United States President Donald Trump aims to bring manufacturing back to the U.S. and with it the good old days of American factory towns, but the country might not have enough workers or the appetite for a return to the assembly lines. With U.S. unemployment at 4.2 percent in March 2025, the U.S. labour market is too tight to bring back domestic manufacturing, and the jobs would be less attractive to a modern-day workforce, CIBC Capital Markets economists Andrew Grantham and Avery Shenfeld said. “There’s a tendency to romanticize the glory days of manufacturing employment from decades ago,” they said in a note on Tuesday. “But it’s worth remembering that meatpacking plants, or rows of sewing machine operators making T-shirts, are also part of the manufacturing sector, and while they are welcome sources of employment for some, today’s younger workers are more likely to see their ideal employer elsewhere.”

Trump began imposing tariffs on imports shortly after becoming president for the second time to help bring production back to the U.S. Part of the plan is already working in certain cases. Several companies, including Johnson & Johnson, Apple Inc., Honda Motor Co. Ltd., Hyundai Motor Co. and Nvidia Corp., have all announced plans to boost U.S. manufacturing. But there is still a long way to go. Grantham and Shenfeld estimate the U.S. would need an additional 3.3 million workers to achieve a balanced trade on goods in the manufacturing sector, while a trade balance in just autos, metals, and electronics would require 1.8 million workers. “Unlike where we were at the turn of the millennium, or even more so, during the immediate aftermath of the 2008 financial crisis recession, we don’t have an overhang of unemployed manufacturers waiting to take positions that become available,” they said. “In both the factory sector and the overall economy, there are very few unemployed Americans relative to the number of open positions.”

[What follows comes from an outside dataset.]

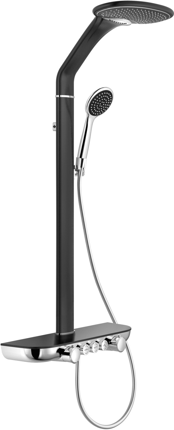 Strumień wydobywający się z deszczownicy imituje naturalny deszcz. Sprawia, że krople wody spadają równomiernie na całe ciało, spłukując użyte kosmetyki, a także łagodząc stres i napięcie mięśni. Codzienny relaks w zgodzie z naturą.

Bringing back manufacturing jobs on a large scale would also require American workers to take a pay cut. Average hourly wages in manufacturing fell behind the overall private sector 10 years ago and widened during the pandemic even as more factories automated the lowest-paying jobs, the economists said. For example, the U.S. has given up a lot of factory jobs to Germany since 1997, but the American household income gap had widened compared to Germany by 2019. “It’s not clear that shifting workers from where they are currently employed into the kind of manufacturing jobs that would be needed to substitute for imports would represent a gain,” Grantham and Shenfeld said. On top of the recruiting challenges, tight immigration policies and an aging population in the U.S. would make filling these jobs even harder, they said. “It would be a long road to either train a sufficient number of Americans or bring in immigrants with these skills, along with the entire nexus of facilities needed to replicate what’s now present in Asia,” they said.